Oracle products certified on Oracle Linux are also certified and supported on Red Hat Enterprise Linux due to implicit compatibility between both distributions. Oracle does not run any additional testing on Red Hat Enterprise Linux products.

By default, the SGD Gateway is configured to support a maximum of 100 simultaneous HTTP connections and 512 simultaneous Adaptive Internet Protocol (AIP) connections. The JVM memory size is optimized for this number of connections. Appendix C of the Oracle Secure Global Desktop Gateway Administration Guide for Release 4.7 has details of how to tune the Gateway for the expected number of users.
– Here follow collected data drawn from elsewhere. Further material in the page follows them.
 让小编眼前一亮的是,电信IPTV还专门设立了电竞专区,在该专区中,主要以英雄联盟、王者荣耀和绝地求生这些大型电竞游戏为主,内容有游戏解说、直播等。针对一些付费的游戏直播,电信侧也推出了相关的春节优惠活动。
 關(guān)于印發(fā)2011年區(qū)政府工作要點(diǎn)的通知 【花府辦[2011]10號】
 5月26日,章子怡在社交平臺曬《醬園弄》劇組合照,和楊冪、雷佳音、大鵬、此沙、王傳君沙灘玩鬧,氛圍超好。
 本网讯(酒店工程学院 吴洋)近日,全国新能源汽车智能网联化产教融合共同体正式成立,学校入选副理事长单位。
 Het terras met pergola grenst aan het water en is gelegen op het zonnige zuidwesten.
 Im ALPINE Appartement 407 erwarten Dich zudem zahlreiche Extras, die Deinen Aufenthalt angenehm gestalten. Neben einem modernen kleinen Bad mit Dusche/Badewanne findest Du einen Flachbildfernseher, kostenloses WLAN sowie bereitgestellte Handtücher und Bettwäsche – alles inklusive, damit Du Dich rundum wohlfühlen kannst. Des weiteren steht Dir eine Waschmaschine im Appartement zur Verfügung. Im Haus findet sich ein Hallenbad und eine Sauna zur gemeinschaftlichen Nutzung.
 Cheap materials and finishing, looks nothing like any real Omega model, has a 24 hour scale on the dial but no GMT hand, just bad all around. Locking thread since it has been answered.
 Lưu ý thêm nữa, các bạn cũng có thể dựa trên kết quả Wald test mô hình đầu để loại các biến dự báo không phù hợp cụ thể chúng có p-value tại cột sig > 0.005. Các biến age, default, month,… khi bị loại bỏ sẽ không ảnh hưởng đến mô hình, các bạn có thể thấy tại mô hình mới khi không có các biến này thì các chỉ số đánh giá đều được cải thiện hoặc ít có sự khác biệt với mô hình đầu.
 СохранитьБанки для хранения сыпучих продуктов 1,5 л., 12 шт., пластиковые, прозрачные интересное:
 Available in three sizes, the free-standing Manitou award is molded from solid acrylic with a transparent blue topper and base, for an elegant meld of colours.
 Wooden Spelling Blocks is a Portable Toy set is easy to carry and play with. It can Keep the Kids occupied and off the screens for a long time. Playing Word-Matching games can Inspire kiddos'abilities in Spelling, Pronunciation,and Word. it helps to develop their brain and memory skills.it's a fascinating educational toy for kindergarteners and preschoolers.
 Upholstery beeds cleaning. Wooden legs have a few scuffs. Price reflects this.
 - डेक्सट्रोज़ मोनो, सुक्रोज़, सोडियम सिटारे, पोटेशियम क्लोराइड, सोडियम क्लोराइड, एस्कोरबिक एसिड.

2.3.1.1. Virtualization Support

The supported installation platforms for the SGD Gateway are supported on a Type 1 (bare metal) hypervisor or a Type 2 (hosted) hypervisor, for example Oracle VM VirtualBox, VMWare, or Oracle VM Server for SPARC (previously called Sun Logical Domains or LDoms).

On Oracle Solaris platforms, installation in zones is supported. The SGD Gateway can be installed either in the global zone, or in one or more non-global zones. Installation in both the global zone and a non-global zone is not supported.

2.3.1.2. Retirements to Supported Gateway Installation Platforms

The following table shows the SGD Gateway installation platforms that have been retired.

SGD Version

Platforms No Longer Supported

4.70

Oracle Solaris 10 up to, and including, 9/10 (update 9)

Red Hat Enterprise Linux 5.5

Oracle Enterprise Linux 5.5

4.60

OpenSolaris (all versions)

Red Hat Enterprise Linux 5.0 to 5.4

Solaris 10 OS up to, and including, 5/09 (update 7)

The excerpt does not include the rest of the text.